### What needs to be done
Give a verbatim copy of the data, leaving the pictures out.
════════
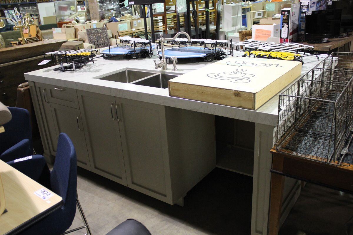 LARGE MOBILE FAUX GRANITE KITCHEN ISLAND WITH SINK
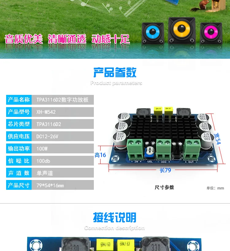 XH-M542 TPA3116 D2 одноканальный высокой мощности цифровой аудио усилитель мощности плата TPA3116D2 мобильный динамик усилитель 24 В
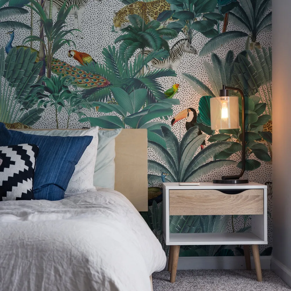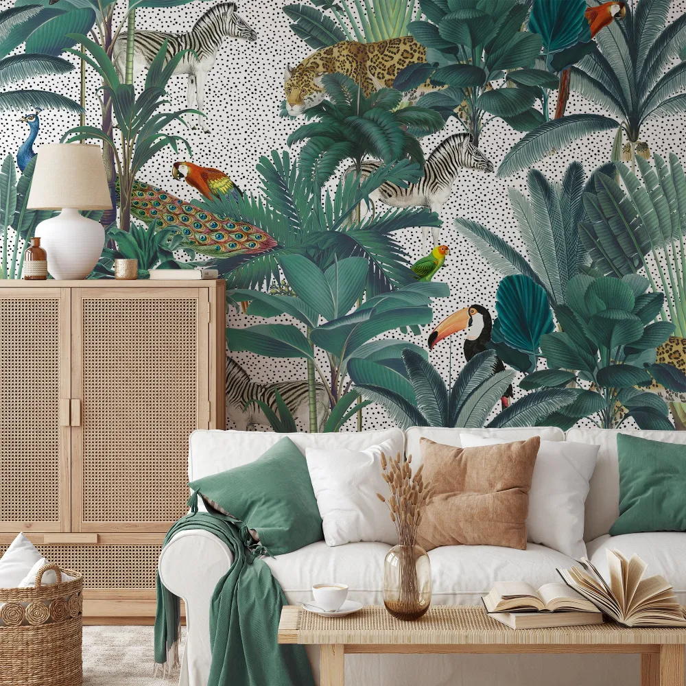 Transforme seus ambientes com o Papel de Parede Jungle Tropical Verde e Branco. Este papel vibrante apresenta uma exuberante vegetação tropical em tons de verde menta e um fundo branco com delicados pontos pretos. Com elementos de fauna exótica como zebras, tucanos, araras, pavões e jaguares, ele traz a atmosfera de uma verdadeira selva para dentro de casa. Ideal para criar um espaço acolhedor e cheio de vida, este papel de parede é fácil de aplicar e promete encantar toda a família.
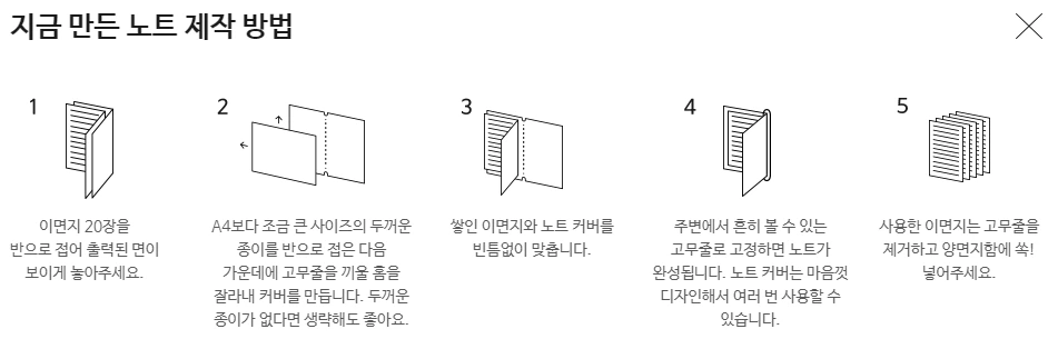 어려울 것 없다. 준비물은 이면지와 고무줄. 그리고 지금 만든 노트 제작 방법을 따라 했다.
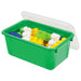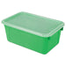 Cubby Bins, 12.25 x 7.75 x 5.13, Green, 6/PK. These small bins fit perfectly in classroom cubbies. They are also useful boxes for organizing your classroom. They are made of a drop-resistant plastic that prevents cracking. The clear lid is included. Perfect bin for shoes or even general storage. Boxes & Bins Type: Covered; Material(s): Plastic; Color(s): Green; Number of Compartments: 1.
════════
### Answer area
 LARGE MOBILE FAUX GRANITE KITCHEN ISLAND WITH SINK
 XH-M542 TPA3116 D2 одноканальный высокой мощности цифровой аудио усилитель мощности плата TPA3116D2 мобильный динамик усилитель 24 В
 Transforme seus ambientes com o Papel de Parede Jungle Tropical Verde e Branco. Este papel vibrante apresenta uma exuberante vegetação tropical em tons de verde menta e um fundo branco com delicados pontos pretos. Com elementos de fauna exótica como zebras, tucanos, araras, pavões e jaguares, ele traz a atmosfera de uma verdadeira selva para dentro de casa. Ideal para criar um espaço acolhedor e cheio de vida, este papel de parede é fácil de aplicar e promete encantar toda a família.
 어려울 것 없다. 준비물은 이면지와 고무줄. 그리고 지금 만든 노트 제작 방법을 따라 했다.
 Cubby Bins, 12.25 x 7.75 x 5.13, Green, 6/PK. These small bins fit perfectly in classroom cubbies. They are also useful boxes for organizing your classroom. They are made of a drop-resistant plastic that prevents cracking. The clear lid is included. Perfect bin for shoes or even general storage. Boxes & Bins Type: Covered; Material(s): Plastic; Color(s): Green; Number of Compartments: 1.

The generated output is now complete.